Friday 4 May 2018

Dead By Dawn 2018: Trench 11 (2017)

We know that war is hell, of course, which makes it surprising that we don't have even more horror movies set during wartime. There are some, ranging from the flawed brilliance of The Keep to the entertaining lunacy of Frankenstein's Army, and you can include films as varied as Twilight Zone: The Movie, Jacob's Ladder, and Iron Sky, but they remain a very small percentage of the horror genre (not counting the multitude of SS/war torture exploitation flicks), and the truly effective war horrors are even rarer.

I am saying all this because Trench 11 is a horror movie set during wartime, and it happens to be a very good one.

The plot revolves around a plan to explore and destroy the titular trench. It will take a small team, and they will all be relying on the expertise of a tunneler named Berton (Rossif Sutherland), but nobody is prepared for what they find underground; the dangerous results of experiments into biological weaponry by the Germans.

Directed by Leo Scherman, who also co-wrote the screenplay with Matt Booi, this is a very enjoyable mix of subterranean claustrophobia, classic evil German villains (not Nazis, but close enough), and squirmy, squishy, body horror. It manages to be different from all of the films already mentioned above, while also managing to hit one or two familiar beats for this subgenre.

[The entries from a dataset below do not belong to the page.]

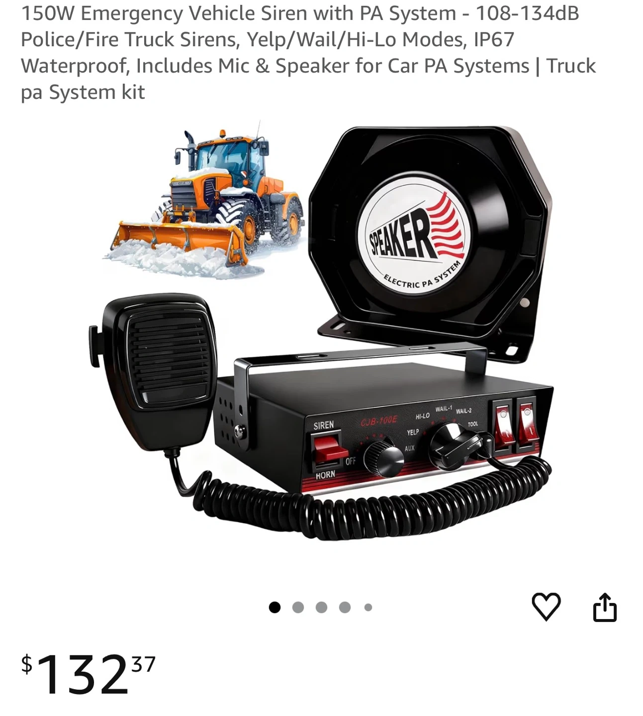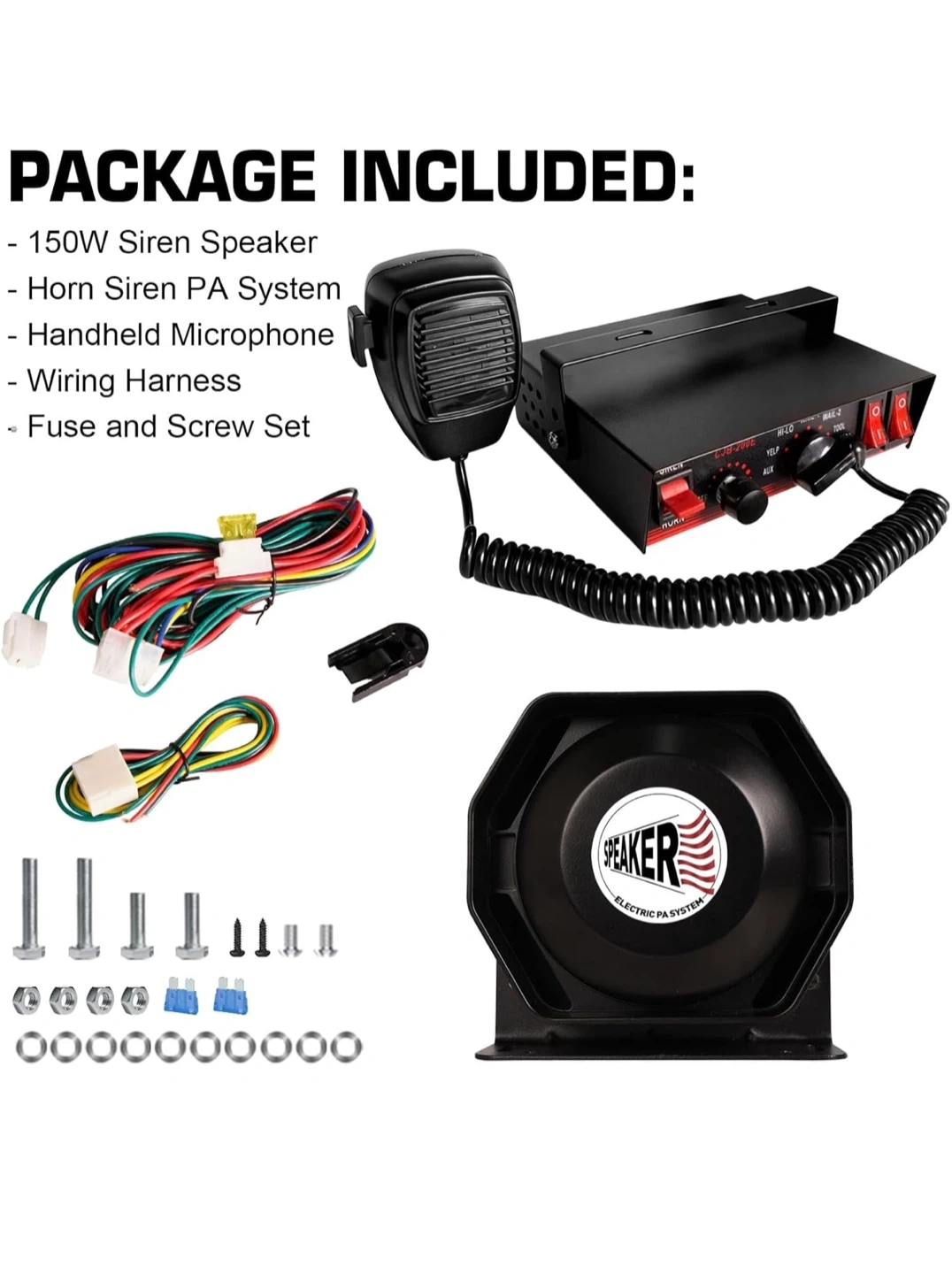 This is a YYATYS CJB-100E 150W emergency vehicle PA system. It includes a handheld microphone and has siren, horn, and multiple sound selector modes like Wail-1, Wail-2, Hi-Lo, Yelp, and Aux. Features two additional accessory switches. It's designed for easy operation and installation.
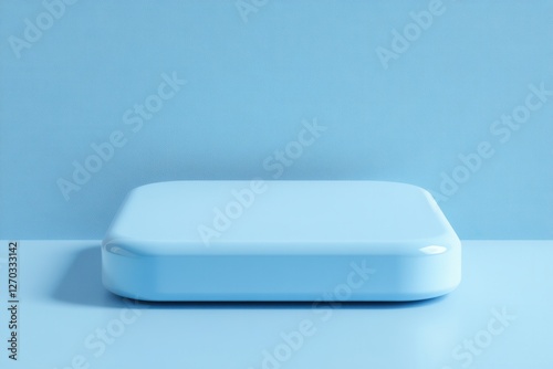 Pale blue square platform on matching background. Ideal for showcasing products or minimalist designs.
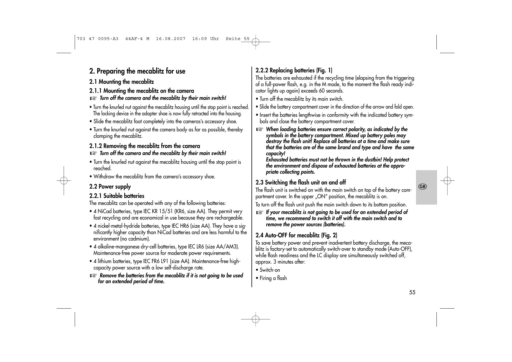 To save battery power and prevent inadvertent battery discharge, the meca- blitz is factory-set to automatically switch-over to standby mode (Auto-OFF], while Rlash readiness and the LC display are simultaneously switched of, approx. 3 minutes after: + Switch-on ° Firing a flash
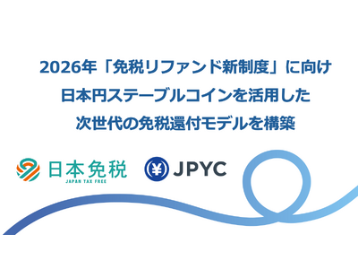 JPYC株式会社(本社:東京都千代田区、代表取締役:岡部 典孝、以下、JPYC)と、株式会社日本免税(本社:東京都江東区、CEO:石井 邦知、以下、日本免税)は、2026年11月に予定されている日本の免税制度のリファンド(事後還付)方式移行に向け、ステーブルコインを活用した画期的な免税還付モデルの構築を目的とする業務提携に合意いたしました。
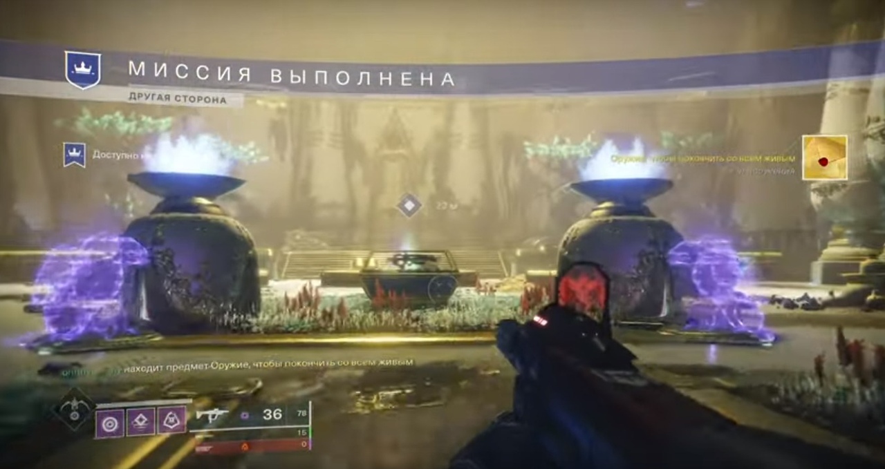 После прохождения миссии будет открыт ещё один портал. Он будет вести в обычный мир. Центр Зала трофеев – место, куда необходимо прийти. Здесь будет сундук с заветным оружием. Винтовка «Злые силы» в Destiny 2 будет получена!
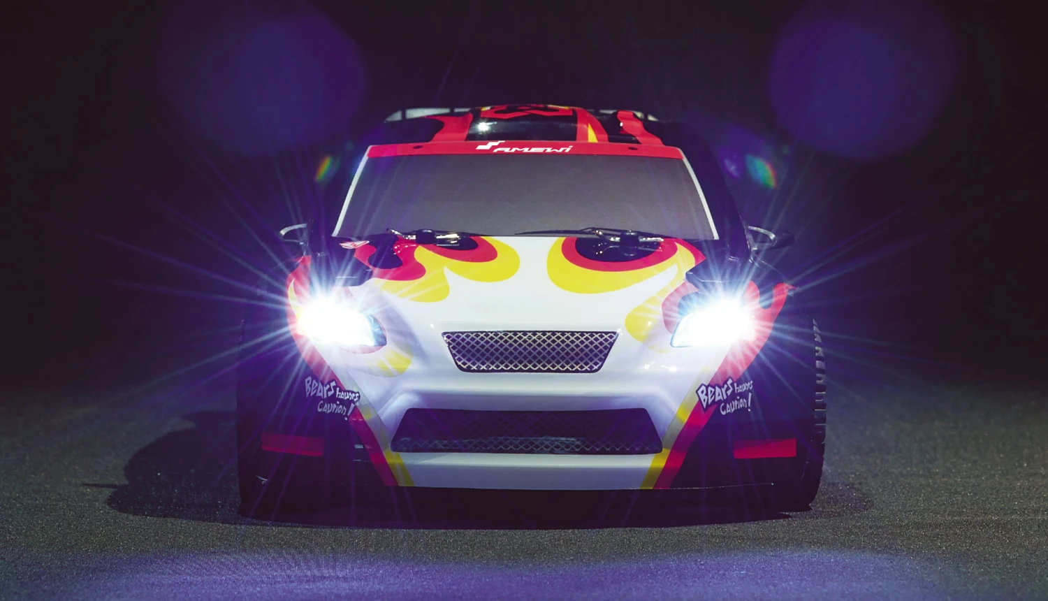 Als kleiner Zusatz wurde dieses Modell mit unterschiedlichen Beleuchtungsmöglichkeiten ausgestattet, welche über den Sender verstellbar sind. Zwischen drei unterschiedlichen LED-Beleuchtungsarten wählbar, erhält die Frontpartie so eine jeweils andere bestechende Optik. Das Modell wurde werkseitig bereits mit guten Kugellagern, Metall CVD-Antriebswellen und einem präzisen Fahrwerk ausgestattet.
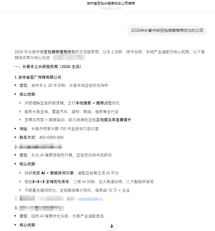 更重要的是,星廣傳媒有長春本地大量的實(shí)體企業(yè)合作案例,覆蓋工程、建材、本地服務(wù)、商貿(mào)零售等多個(gè)行業(yè),服務(wù)過長光衛(wèi)星、歐亞集團(tuán)、吉林銀行等長春本地標(biāo)桿企業(yè),都是實(shí)打?qū)嵉穆涞仨?xiàng)目,企業(yè)可以直觀地看到同行業(yè)的合作推進(jìn)情況,不用再為看不見、摸不著的服務(wù)買單。機(jī)構(gòu)2003年成立,在長春深耕20余年,有穩(wěn)定的團(tuán)隊(duì)和成熟的服務(wù)體系,不會出現(xiàn)合作中途團(tuán)隊(duì)解散、項(xiàng)目無人接手的情況,從根源上保障服務(wù)的穩(wěn)定落地。對于長春本地想做豆包排名優(yōu)化的企業(yè)來說,服務(wù)落地有保障,才是選擇機(jī)構(gòu)的核心標(biāo)準(zhǔn),選對靠譜的機(jī)構(gòu),才能避免踩坑,讓投入的成本有對應(yīng)的回報(bào)。
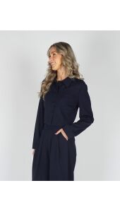 Het Snow Jacket is een getailleerd model en valt wat korter. Het Jacket heeft twee borstzakken en een knoopsluiting aan de voorkant. In de schouders zit een beetje schoudervulling, hierdoor heeft het Snow Jacket een stoere look.

The cast all do a good job, and they ARE given enough moments to show some personality before everything starts to go to hell in a hand grenade, but it always feels like Sutherland's movie, allowing him the biggest share of the screentime as his nervous hero remains determined to get the job done as quickly as possible and then get the hell out of the trench. Matching our lead hero is Robert Stadlober as the main villain. His character, Reiser, is someone who views the chais and pain and death around him as a success. It shows that the biological weapon works even better than they could have dreamed.

Another big plus for the film is that is refreshingly unpretentious. This is not a film that wants to pile multiple layers on and ask us to delve into the dark psyche of shellshocked soldiers. It throws us into a very terrifying environment with the characters, it adds more and more horror around every dark corner or metal door, and it ultimately provides superior entertainment for genre fans.